Dude - you don't need to tell me the law. I'm a landlord, plus I went to law school (I'm not a practicing attorney).

Almost all of what you're saying is just flat out wrong:

Quote:
For example, if a landlord doesn't comply with the statutory time limit to document and refund a security or damage deposit to a tenant, the tenant is entitled to damages in the amount of three times the amount per the statutes. They only have to complain to the state authorities, they don't have to go to small claims court or sue the landlord, the damage award to the tenant is by LAW. All they have to do is file the complaint and they don't have to go to court to get the judgement awarded by the State authorities.
Totally and absolutely 100% wrong.
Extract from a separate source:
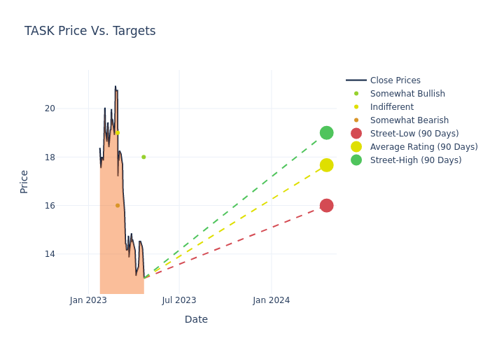 According to 4 analyst offering 12-month price targets in the last 3 months, TaskUs has an average price target of $18.25 with a high of $20.00 and a low of $16.00.

The aggrieved tenant would absolutely have to sue in court to collect from the landlord.

Quote:
If you have a legal right to a residence in Colorado and you are denied use or access by "unlawfully removed" process, you have but to call the cops! They will get you back into your residence and if somebody tries to interfere (perhaps your old roommate), the cops or sheriff's deputy will arrest them for the breach of the peace.
Totally wrong. The remedy from unlawful removal is to SUE IN A COURT FOR MONEY DAMAGES (you could try asking for specific performance).

I could point out other falsehoods, but I'll leave it at that.